The shift to an EAF‑only production line was the primary catalyst for the widened loss, according to the company’s financial release. Direct tariff costs rose to $27.4 million,yet the overall revenue decline outweighed any savings from lower blast‑furnace operating costs.

Shipments plunge 52% to 223,681 tons

Algoma’s steel shipments fell to 223,681 tons in Q1 2026, compared with 469,731 tons in the same period last year, reflecting the reduced capacity of the new furnace setup. The CEO called the quarter a “turning point” after the blast furnace was shut down on January 18.

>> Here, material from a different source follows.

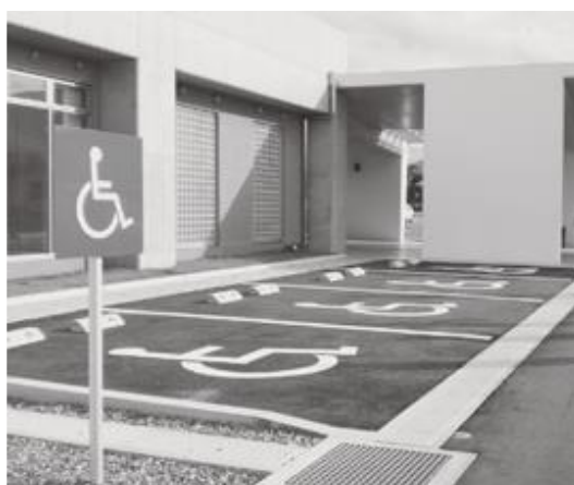
(さくらアリーナ 駐車場)

障がい者等用駐車スペース とは、歩行困難な人等が、施設等を利用しやすいように、入口の近くに設けられたスペースの広い駐車場です。施設によっては、スロープや屋根が設置されています。車いすを利用されている人などは、車から乗り降りするときなどに大きく扉を開けるため、ゼブラ柄の広いスペースが必要です。

Tariff costs rise to $27.4 million amid export shift

Even as the firm trimmed its exposure to the U.S. market—export share dropped from over 50% to about 28%—direct tariff expenses more than doubled, climbing to $27.4 million from $10.5 million a year earlier. The company said it is now focusing on the Canadian plate market while limiting exports to mitigate the harsher tariff environment.

Strategic tie‑ups with Roshel and Hanwha Ocean

Algoma highlighted two new strategic relationships: a defence‑sector partnership with Canadian‑owned Roshel and a memorandum of understanding with South Korea’s Hanwha Ocean. Both deals are intended to diversify revenue streams as the steelmaker repositions itself after the EAF conversion, according to the press release.

Who will fund the 2026 expense reductions?

The CFO noted that transition‑related expenses are expected to fall later in 2026,but the source did not disclose the exact financing plan. Questions remain about whether capital expenditures, cash reserves, or external financing will cover the anticipated cost cuts.